Fixes #6618: telemetry collection and delivery were blocking the asyncio event loop when send() was called from within a running loop (e.g., backend error telemetry). The blocking syscalls, subprocess calls, and synchronous HTTP requests used to gather and post events would stall the event loop.

Changes:

  1. Replace asyncio task-based approach with a dedicated worker thread pool:

    • Removed asyncio.create_task() and background task tracking
    • Introduced a single-worker ThreadPoolExecutor (_get_telemetry_executor()) that lazily initializes on first use
    • All telemetry work now runs on this dedicated worker thread, never on the caller's thread or event loop
  2. New helper functions:

    • _get_telemetry_executor(): Returns the process-wide, lazily-created telemetry executor
    • _submit(): Queues work on the executor, swallowing all errors so telemetry never breaks the app
    • _run_suppressed(): Wraps executor work to catch and suppress exceptions at debug level
    • _flush(): Blocks until queued telemetry has been processed (for tests and shutdown)
    • _process_event(): Extracted from send() to run on the worker thread
  3. Simplified send() API:

    • Now a thin wrapper that queues _process_event() on the worker thread
    • Resolves telemetry_enabled from config if unspecified
    • All error handling is suppressed; failures never surface to the caller
  4. Test coverage:

    • Added _drain_telemetry_executor fixture to prevent test leakage
    • New tests verify: lazy initialization, single-worker constraint, off-loop execution, event loop safety, error suppression
    • Updated existing test to flush the executor before assertions

Testing

  • Added comprehensive unit tests covering executor behavior, thread isolation, and error handling
  • Existing telemetry tests updated to flush the executor
  • All tests pass with adequate coverage

Checklist

  • Tests pass with adequate coverage
  • uv run ruff check . and uv run ruff format . clean
  • uv run pyright reflex tests passes
  • No user-facing API changes (internal refactor)

https://claude.ai/code/session_011DzmkWzgwGcJL9rdiBTLVN

Telemetry collection uses blocking syscalls and subprocess calls and a
synchronous httpx.post. The asyncio "send" path ran that work directly
on the event loop thread (a task that never awaited), so it stalled the
loop -- notably when emitting runtime-error telemetry at a high rate --
and the no-event-loop path blocked the caller synchronously.

Run all telemetry collection and delivery on a lazily-initialized,
single-worker ThreadPoolExecutor whose FIFO queue serializes events off
the caller's thread. Delivery is best-effort: every failure is
suppressed so telemetry can never break the app. The pool is created
only when telemetry is enabled and there is something to send, and
concurrent.futures drains its queue at interpreter exit so CLI events
are not lost.

Closes #6618

https://claude.ai/code/session_011DzmkWzgwGcJL9rdiBTLVN
@masenf masenf requested a review from a team as a code owner June 8, 2026 19:14
@greptile-apps

greptile-apps Bot commented Jun 8, 2026

Copy link
Copy Markdown
Contributor

Greptile Summary

This PR moves telemetry collection and delivery off the asyncio event loop onto a dedicated single-worker ThreadPoolExecutor, fixing event-loop stalls caused by blocking syscalls and synchronous HTTP requests that previously ran inside an asyncio task.

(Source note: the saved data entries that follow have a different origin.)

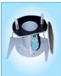
KAT 100 B

Pour le raccord de tuyau de chargement de matériaux à la bride de sécurité. Installé dans la bride du tube de chargement silo.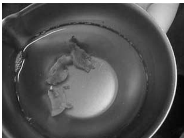
Figura 2. Piezas de ovario decorticado a implantar en el subcutáneo

Seguimiento. El protocolo de seguimiento prevé un seguimiento estructural por medio de ecografía doppler (cabecal de 7,5 MHz) y un seguimiento funcional con dosificación de hormona folículo estimulante (FSH), a partir de los 60 días y luego en forma mensual.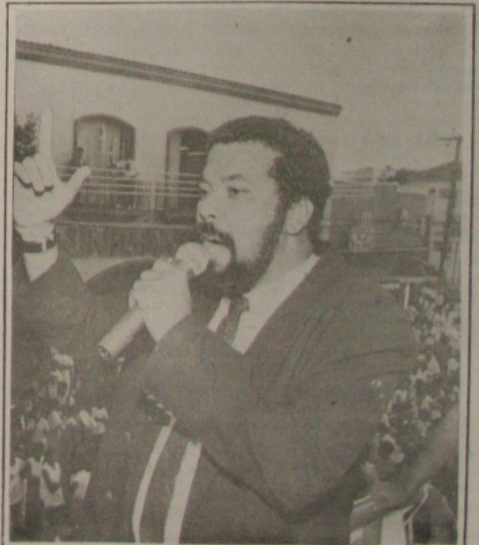
Nascimento não conseguiu colocar o projeto em pauta e denunciou a manobra de setores da oposição.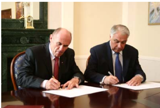
Стефан Романів Ген Секретар СКУ , Юрій Костенко во Міністра Закордонних Справ України

Документ передбачає поглиблення співробітництва із забезпечення захисту інтересів закордонних українців у державах світу, підвищення позитивного міжнародного іміджу України, збереження та популяризації української мови в діаспорі та в Україні, визнання Голодомору 1932-1933 рр. в Україні геноцидом українського народу, сприяння в реалізації європейських та євроатлантичних прагнень України

  • send() is now a thin wrapper that resolves config and queues _process_event onto the worker thread; all blocking work (subprocess calls, HTTP post) happens only on that thread.
  • New helper functions (_get_telemetry_executor, _submit, _run_suppressed, _flush) form a clean, error-suppressing dispatch layer with a flush primitive for tests and graceful shutdown.
  • Tests cover lazy init, single-worker constraint, off-loop execution, event-loop safety, and error suppression; an autouse fixture flushes the executor between tests to prevent job leakage.

Confidence Score: 4/5

Safe to merge; the core bug fix is correct and all blocking work is now off the event loop.

The executor setup, double-checked locking, error-suppression chain, and the recursive-alias-send path via the single worker are all handled correctly. The one rough edge is that _flush(timeout=...) swallows TimeoutError, making it impossible for callers to confirm the drain completed — currently only tests use _flush without a timeout, so this has no runtime impact today.

No files need special attention; both changed files are straightforward and the logic is sound.

Important Files Changed

Filename Overview
reflex/utils/telemetry.py Replaces asyncio-task telemetry with a single-worker ThreadPoolExecutor; double-checked locking, error suppression, and flush sentinel are all correct. Minor: _flush() silently discards TimeoutError, so a caller passing timeout= cannot distinguish clean flush from expiry.
tests/units/test_telemetry.py Good new coverage: lazy init, single-worker, off-thread execution, event-loop safety, error suppression. Async test runs correctly under asyncio_mode="auto". _drain_telemetry_executor autouse fixture prevents cross-test leakage.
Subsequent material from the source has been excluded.